In [9]:
import ssl
ssl._create_default_https_context = ssl._create_unverified_context

from math import pi
import numpy as np
import pandas as pd

import matplotlib.pyplot as plt
import matplotlib.ticker as ticker

import seaborn as sns
sns.set_theme(style="white", context="talk")

import iqplot
import bokeh.io
from bokeh.layouts import column, gridplot
from bokeh.models import ColorBar, ColorMapper, LinearColorMapper, Ticker
bokeh.io.output_notebook()

import sgd_utils as sgd

In [10]:
def load_data(f_data, f_movies):
    """Load the user and movie data, FZL modified"""
    data = pd.read_csv(
        "https://raw.githubusercontent.com/lakigigar/Caltech-CS155-2021/main/projects/project2/data/"+f_data,
        sep="\t",
        header=None,
        names=["USER", "MOVIE", "RATING"],
    )
    movies = pd.read_csv(
        "https://raw.githubusercontent.com/lakigigar/Caltech-CS155-2021/main/projects/project2/data/"+f_movies,
        encoding="latin-1",
        sep="\t",
        header=None,
        names=[
            "MOVIE_ID",
            "TITLE",
            "UNKNOWN",
            "ACTION",
            "ADVENTURE",
            "ANIMATION",
            "CHILDREN",
            "COMEDY",
            "CRIME",
            "DOCUMENTARY",
            "DRAMA",
            "FANTASY",
            "FILM-NOIR",
            "HORROR",
            "MUSICAL",
            "MYSTERY",
            "ROMANCE",
            "SCI-FI",
            "THRILLER",
            "WAR",
            "WESTERN",
        ],
    )

    movies.loc[movies.TITLE == "unknown", "TITLE"] = "MOVIE_ID: " + movies.loc[
        movies.TITLE == "unknown", "MOVIE_ID"
    ].astype("str")

    return data, movies

In [11]:
data, movies = load_data(f_data="data.txt", f_movies="movies.txt")

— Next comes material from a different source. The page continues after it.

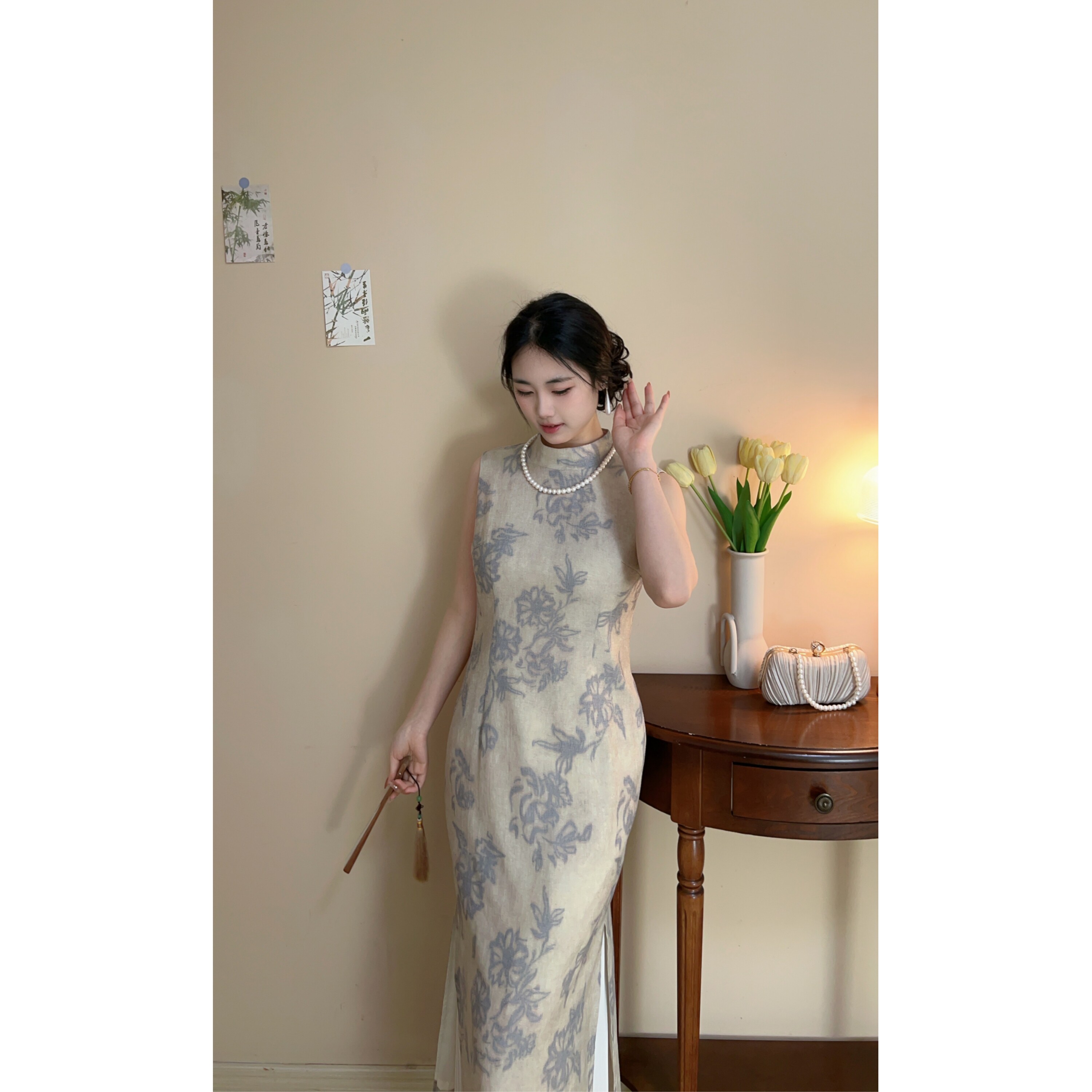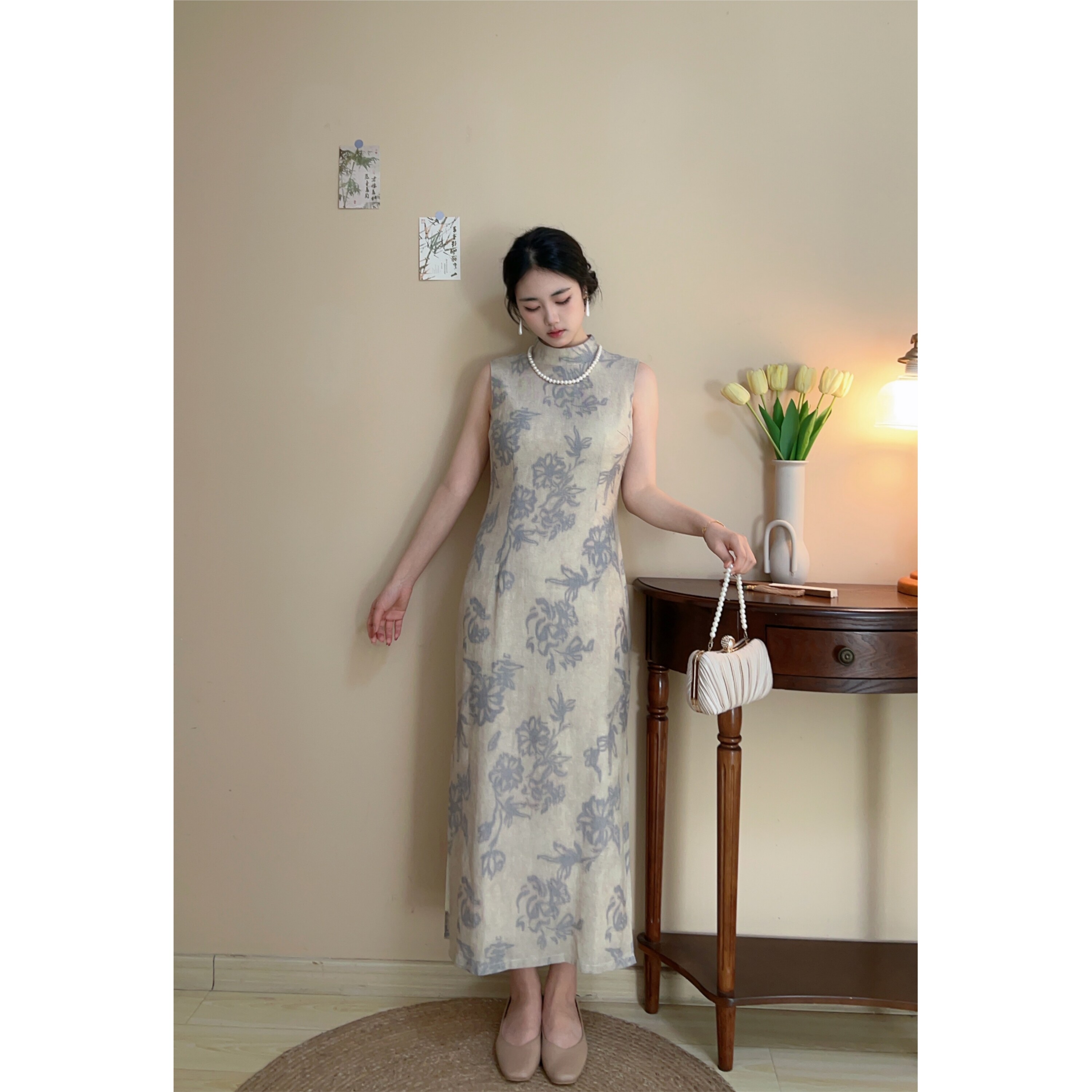云栖【自制款】新中式水墨棉麻文艺清冷感大码胖mm气质旗袍连衣裙

## Matrix Factorization visualizations
### Method 1: HW5 solution

In [15]:
Y_train_df = data.head(90000)
Y_train = Y_train_df.to_numpy() # to be changed later to take train.txt and test.txt, for now I just split data.txt

Y_test_df = data.tail(10000)
Y_test = Y_test_df.to_numpy()

In [18]:
M = max(max(Y_train[:,0]), max(Y_test[:,0])).astype(int) # users
N = max(max(Y_train[:,1]), max(Y_test[:,1])).astype(int) # movies
print("Factorizing with ", M, " users, ", N, " movies.")
Ks = 20

reg = 0.0
eta = 0.03 # learning rate
E_in = []
E_out = []

# Use to compute Ein and Eout
U, V, err_training = sgd.train_model(M, N, Ks, eta, reg, Y_train)
print('Err training', err_training)
print('Err testing', sgd.get_err(U, V, Y_test))
print('dim U [m x k]', U.shape)
print('dim V [k x n]', V.shape)


Factorizing with  943  users,  1682  movies.
Epoch 1, E_in (regularized MSE): 0.527156677352
Epoch 2, E_in (regularized MSE): 0.40205063537061975
Epoch 3, E_in (regularized MSE): 0.3571268833806738
Epoch 4, E_in (regularized MSE): 0.33233207737225656
Epoch 5, E_in (regularized MSE): 0.31100694674253787
Epoch 6, E_in (regularized MSE): 0.2995225167684944
Epoch 7, E_in (regularized MSE): 0.28553281585476087
Epoch 8, E_in (regularized MSE): 0.27881018606212976
Epoch 9, E_in (regularized MSE): 0.2709466244109805
Epoch 10, E_in (regularized MSE): 0.2662403635549109
Epoch 11, E_in (regularized MSE): 0.2604885132437713
Epoch 12, E_in (regularized MSE): 0.25842116333586573
Epoch 13, E_in (regularized MSE): 0.25895229025770805
Err training 0.25895229025770805
Err testing 0.6658982425144363
dim U [m x k] (943, 20)
dim V [k x n] (20, 1682)


In [28]:
## SVD

A, sigma, B = np.linalg.svd(V,  full_matrices=False)
A_two_cols = A[:,0:2]
print(A_two_cols.shape)

U_proj = A_two_cols.transpose()@U_T
V_proj = A_two_cols.transpose()@V

print(U_proj.shape)
print(V_proj.shape)

(20, 2)
(2, 943)
(2, 1682)


In [None]:
print(V_proj)
print(data.head())

### Method 2: Incorporate a and b for each user and move to model global tendencies of the various moves and users

### Method 3: off-the-shelf implementation 

In [None]:
from surprise import SVD, Reader
from surprise import Dataset
from surprise.model_selection import cross_validate
from sklearn.model_selection import train_test_split
from sklearn.model_selection import GridSearchCV
import sklearn

In [None]:
reader = Reader(rating_scale=(0,5))
dataset_train = Dataset.load_from_df(Y_train_df, reader)
dataset_test = Dataset.load_from_df(Y_test_df, reader)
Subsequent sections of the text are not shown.